__Task prompt__. Nothing outside the lines below from the one containing "To us, this" through the one containing "This pajama set" is to be printed; print those exactly, ends included, and drop the pictures.

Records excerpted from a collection

§

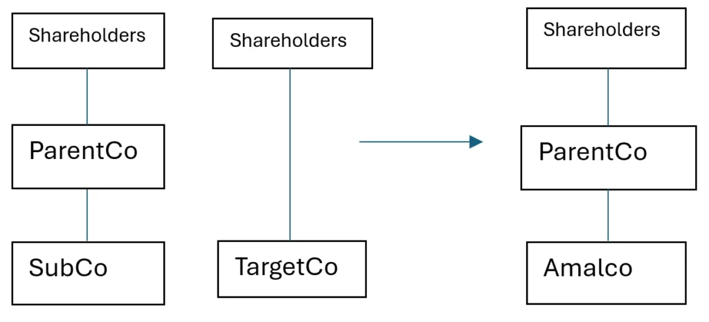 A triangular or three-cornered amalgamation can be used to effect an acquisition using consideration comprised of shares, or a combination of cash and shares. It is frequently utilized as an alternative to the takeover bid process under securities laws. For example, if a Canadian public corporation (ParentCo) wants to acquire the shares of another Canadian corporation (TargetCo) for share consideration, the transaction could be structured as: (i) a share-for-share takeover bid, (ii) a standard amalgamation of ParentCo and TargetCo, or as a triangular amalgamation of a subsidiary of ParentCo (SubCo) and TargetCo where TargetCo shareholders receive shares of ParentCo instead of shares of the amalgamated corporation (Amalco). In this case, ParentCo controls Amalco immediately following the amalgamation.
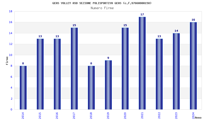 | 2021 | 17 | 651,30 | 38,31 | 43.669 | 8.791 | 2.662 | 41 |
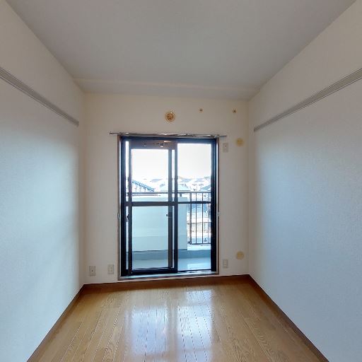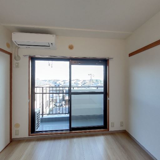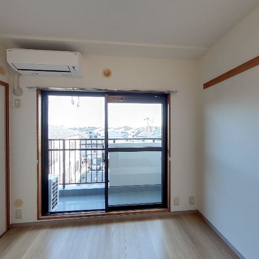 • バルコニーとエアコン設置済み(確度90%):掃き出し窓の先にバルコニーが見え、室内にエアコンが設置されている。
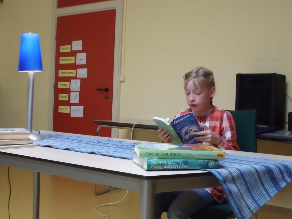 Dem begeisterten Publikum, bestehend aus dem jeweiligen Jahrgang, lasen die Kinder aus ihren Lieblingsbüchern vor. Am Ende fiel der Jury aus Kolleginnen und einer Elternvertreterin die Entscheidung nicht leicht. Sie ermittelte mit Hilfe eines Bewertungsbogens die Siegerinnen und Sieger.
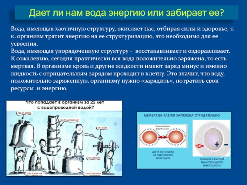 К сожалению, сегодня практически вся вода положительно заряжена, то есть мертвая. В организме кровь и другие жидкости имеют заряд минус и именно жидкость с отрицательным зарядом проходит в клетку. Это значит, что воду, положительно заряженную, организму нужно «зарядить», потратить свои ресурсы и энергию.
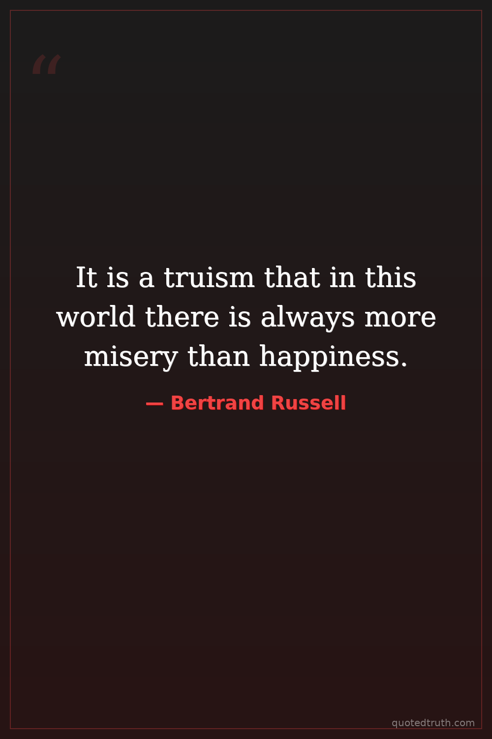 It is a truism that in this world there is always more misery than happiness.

§

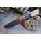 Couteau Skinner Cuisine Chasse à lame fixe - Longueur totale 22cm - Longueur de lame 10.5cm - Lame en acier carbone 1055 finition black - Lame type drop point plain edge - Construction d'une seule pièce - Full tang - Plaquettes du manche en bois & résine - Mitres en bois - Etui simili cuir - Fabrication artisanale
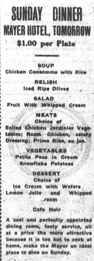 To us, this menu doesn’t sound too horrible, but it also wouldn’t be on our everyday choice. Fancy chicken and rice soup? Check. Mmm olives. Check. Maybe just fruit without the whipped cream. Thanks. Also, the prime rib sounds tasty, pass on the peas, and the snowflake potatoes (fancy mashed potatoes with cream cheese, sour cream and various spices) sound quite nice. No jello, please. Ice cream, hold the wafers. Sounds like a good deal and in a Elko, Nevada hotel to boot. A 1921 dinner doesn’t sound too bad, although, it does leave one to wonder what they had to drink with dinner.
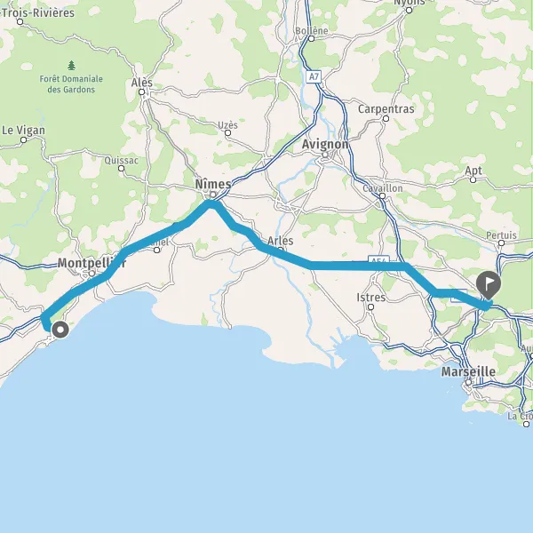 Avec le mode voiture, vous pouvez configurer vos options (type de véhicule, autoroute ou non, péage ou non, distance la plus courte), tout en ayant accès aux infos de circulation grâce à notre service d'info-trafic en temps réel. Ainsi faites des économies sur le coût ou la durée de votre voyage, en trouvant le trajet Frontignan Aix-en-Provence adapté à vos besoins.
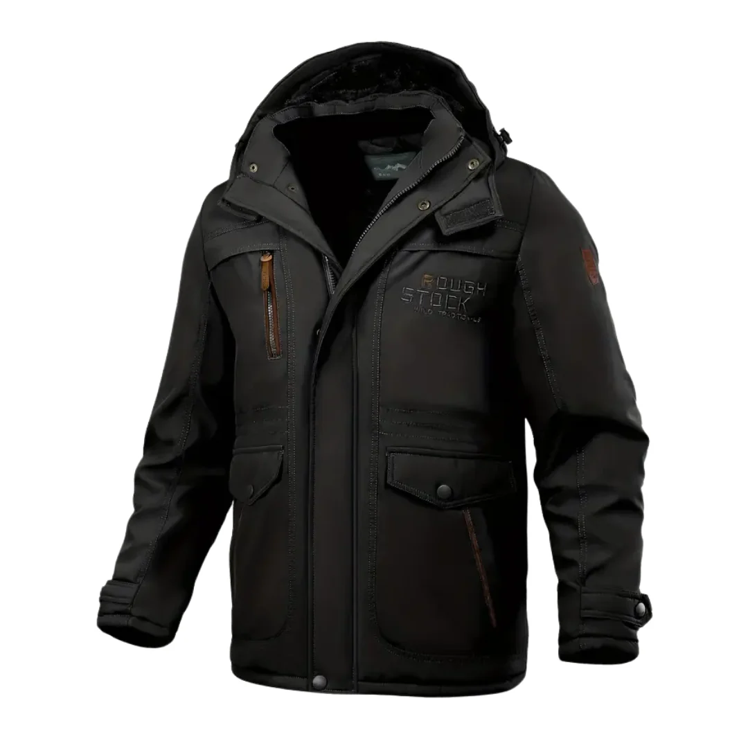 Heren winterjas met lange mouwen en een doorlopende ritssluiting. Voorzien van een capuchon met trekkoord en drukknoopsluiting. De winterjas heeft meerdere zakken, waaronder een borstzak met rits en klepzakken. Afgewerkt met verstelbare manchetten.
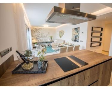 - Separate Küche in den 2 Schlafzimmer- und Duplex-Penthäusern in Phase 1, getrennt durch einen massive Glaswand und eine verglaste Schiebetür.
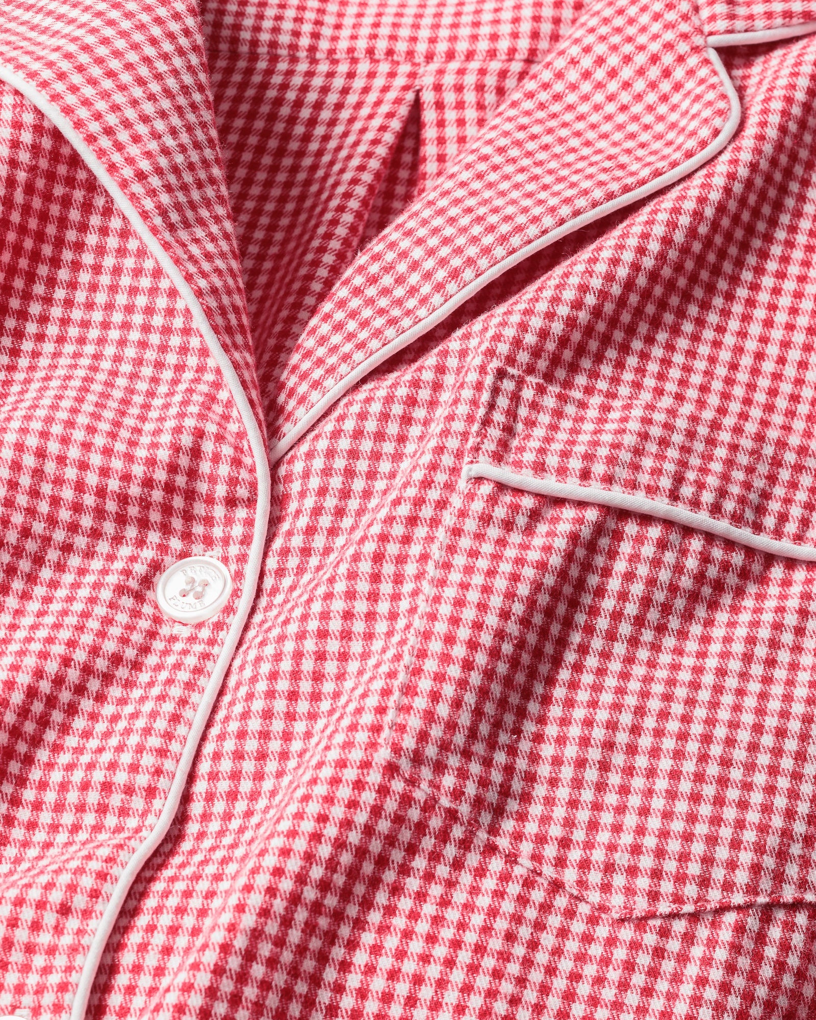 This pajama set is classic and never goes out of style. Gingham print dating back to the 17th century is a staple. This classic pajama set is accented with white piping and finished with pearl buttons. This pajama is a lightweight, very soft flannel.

§

__Output of the exercise__.
 To us, this menu doesn’t sound too horrible, but it also wouldn’t be on our everyday choice. Fancy chicken and rice soup? Check. Mmm olives. Check. Maybe just fruit without the whipped cream. Thanks. Also, the prime rib sounds tasty, pass on the peas, and the snowflake potatoes (fancy mashed potatoes with cream cheese, sour cream and various spices) sound quite nice. No jello, please. Ice cream, hold the wafers. Sounds like a good deal and in a Elko, Nevada hotel to boot. A 1921 dinner doesn’t sound too bad, although, it does leave one to wonder what they had to drink with dinner.
 Avec le mode voiture, vous pouvez configurer vos options (type de véhicule, autoroute ou non, péage ou non, distance la plus courte), tout en ayant accès aux infos de circulation grâce à notre service d'info-trafic en temps réel. Ainsi faites des économies sur le coût ou la durée de votre voyage, en trouvant le trajet Frontignan Aix-en-Provence adapté à vos besoins.
 Heren winterjas met lange mouwen en een doorlopende ritssluiting. Voorzien van een capuchon met trekkoord en drukknoopsluiting. De winterjas heeft meerdere zakken, waaronder een borstzak met rits en klepzakken. Afgewerkt met verstelbare manchetten.
 - Separate Küche in den 2 Schlafzimmer- und Duplex-Penthäusern in Phase 1, getrennt durch einen massive Glaswand und eine verglaste Schiebetür.
 This pajama set is classic and never goes out of style. Gingham print dating back to the 17th century is a staple. This classic pajama set is accented with white piping and finished with pearl buttons. This pajama is a lightweight, very soft flannel.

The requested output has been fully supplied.